The burden of illness resulting from anxiety disorders is heavy. In European countries, it was estimated that up to 41 billion Euros were spent in 2004 to cover the treatment expenses of anxiety disorders. In addition, the number of productive work days lost in seeking treatment for anxiety disorders and associated comorbidities was higher than for other somatic illnesses. Moreover, anxiety disorders can lead to considerable impairment in the normal functioning of individuals, thus making them less productive and an economic burden to society due to the extensive amount of time required to provide them with care and the cost of their treatment.

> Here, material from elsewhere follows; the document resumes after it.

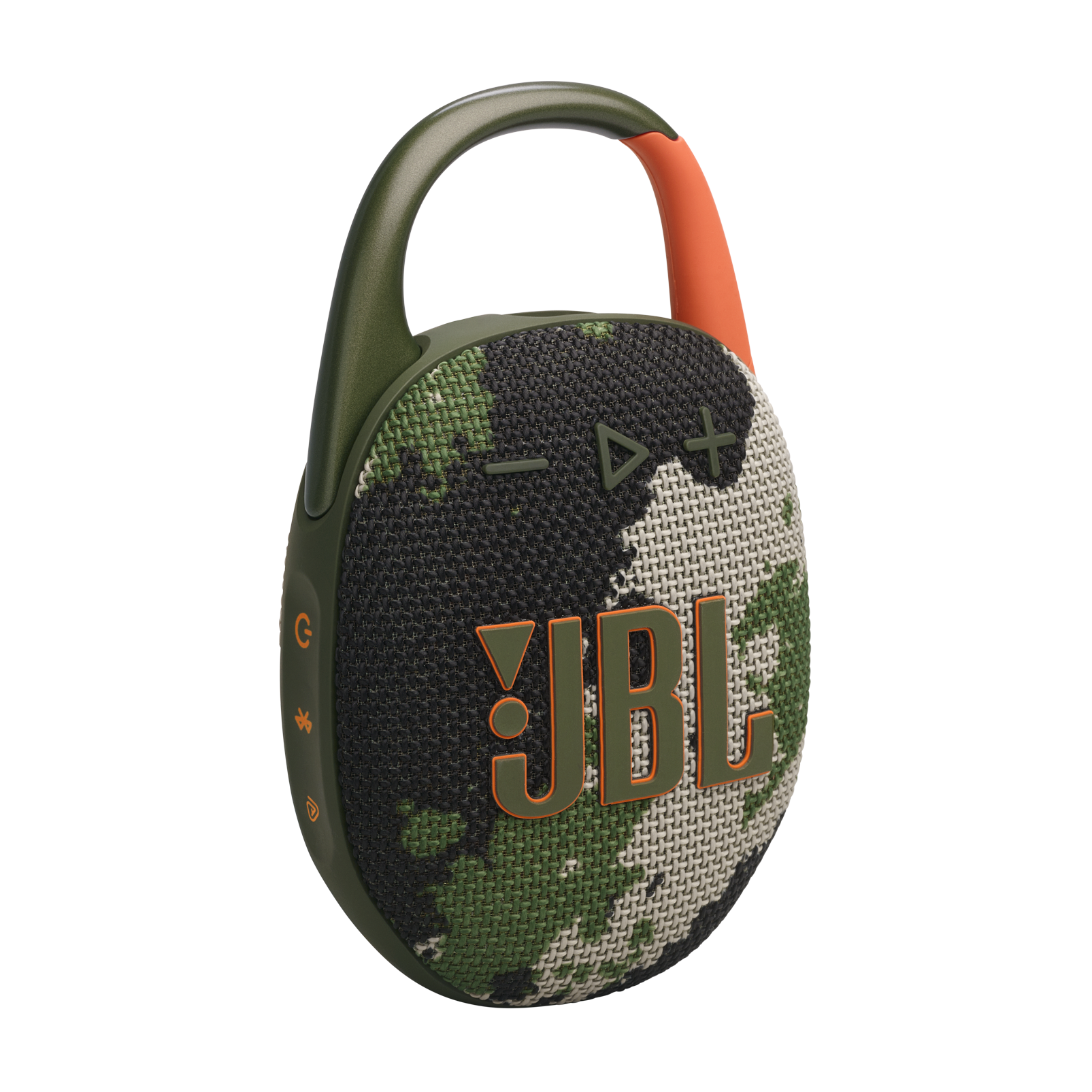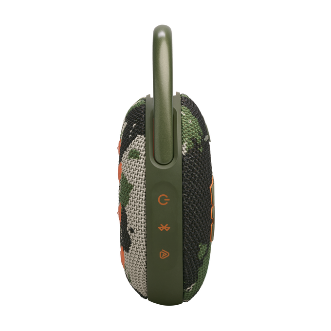 بلندگوی قابل حمل JBL Clip 5 یک اسپیکر کوچک و سبک با طراحی مقاوم و گیره کارابین داخلی است که میتوانید آن را به کوله، کمربند یا دوچرخه متصل کنید. بدنه با استاندارد IP67 ضدآب و ضدگرد و غبار ساخته شده، بنابراین برای سفر، کمپ و استفاده در فضای باز ایدهآل است.

The outcome may be poor without appropriate pharmacological and psychotherapy interventions, with comorbidities setting in. However, they can be prevented, and outcomes improved with cognitive-behavioral therapy alone or combined with drugs. Specifically, a long-term follow-up study by Kodal et al. reveals that cognitive-behavioral therapy could help improve patient outcomes as it immensely contributes to reduced symptoms and improved recovery. In addition, Bystritsky et al. (2013) also reveal that compared to medications, the treatment efficacy of cognitive-behavioral therapy is high, especially when patients continue to practice the learned skills throughout their life to manage their symptoms. However, Bystritsky et al. also note that patient outcomes are more enhanced if pharmacological intervention and psychotherapy are combined and delivered effectively to meet patients’ needs and healthcare goals. Overall, with the right treatment approach, including cognitive-behavioral therapy, it is possible to improve the health outcomes of such patients and minimize the healthcare expenditure on their treatment.
Conclusion
Anxiety disorder continues to burden the healthcare system due to its high prevalence among the global population. The disorder is associated with an anatomically malfunctioning amygdala, resulting in a series of physiological defects that impair emotional control, especially fear. While the condition may be considered hereditary, other factors, such as biological and stress, must also be considered when establishing the cause and approach to treatment. Although underrecognized and undertreated, anxiety disorder is prevalent in the general population. Thus, healthcare providers should always consider cognitive-behavioral therapy interventions as they seek to improve patients’ health outcomes and curb the economic burden of anxiety disorder.
? References
1. Bandelow, B., & Michaelis, S. (2015). Epidemiology of anxiety disorders in the 21st century. Dialogues in Clinical Neuroscience, 17(3), 327–335.
2. Bystritsky, A., Khalsa, S. S., Cameron, M. E., & Schiffman, J. (2013). Current diagnosis and treatment of anxiety disorders. Pharmacy and Therapeutics, 38(1), 30–57.